Zimbabwe has $760 million, which is 11.7 percent of total deposits, but this money is not circulating as it should causing the current cash shortages, Agriculture Minister Joseph Made said yesterday on behalf of Finance Minister Patrick Chinamasa.

He said the country had $140 in bond notes, $23 million in bond coins and $600 in multiple currencies.

“If money that is in the national economy amounting to around $760 million (11.7% of total deposits), made up of $140 million of bond notes, $23 million bond coins and an estimated $600 million of multiple currencies, was circulating efficiently, there would be no cash shortages in the country – a range of 10 – 15 percent of deposits in an economy is the best practice for cash in circulation in most economies throughout the world including developed countries,” Made said.

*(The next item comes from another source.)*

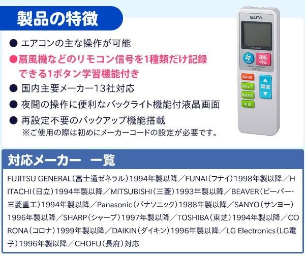 エアコン+扇風機をかんたん操作。13社のエアコンに対応の互換リモコンです。扇風機などのリモコン信号を1種類だけ記録できる1ボタン学習機能付き。夜間の操作に便利なバックライト機能付液晶画面を搭載しています。再設定不要のバックアップ機能も搭載しています。(※ご使用の際は初めにメーカーコードの設定が必要です。) |

“It is the traders and individuals who are operating in the shadow economy that are therefore exacerbating cash shortages whilst at the same time externalising cash and also feeding the parallel markets.  They do not pay taxes as well.  They are abusing the privilege of operating in the Reserved Sectors of the economy.”

Made, however, said that Zimbabwe’s cash challenges can only be addressed when “we deal holistically with the challenge of low production and productivity, fiscal deficit, current account deficit and market indiscipline”. 

He said the government had undertaken the following measures to address the structural rigidities:

1.     Reducing government expenditure to match with revenue;

2.    Fostering market discipline through the existing legal instruments to minimise capital flight or externalisation and to promote the smooth circulation of money within the national economy;

3.    Addressing low productivity to increase fiscal space, employment and exports through implementing investor friendly measures that include synchronising the indigenisation law to the localisation policy, ease and cost of doing business reforms, State owned enterprises reform and issuance of bankable 99-year leases;

4.    Promoting exports and foreign exchange receipts from the diaspora through the export subsidy scheme being granted by the Reserve Bank; and

5.    Promoting local production through the Statutory Instrument 64 of 2016 put in place by Government and the foreign exchange management system by the Reserve Bank.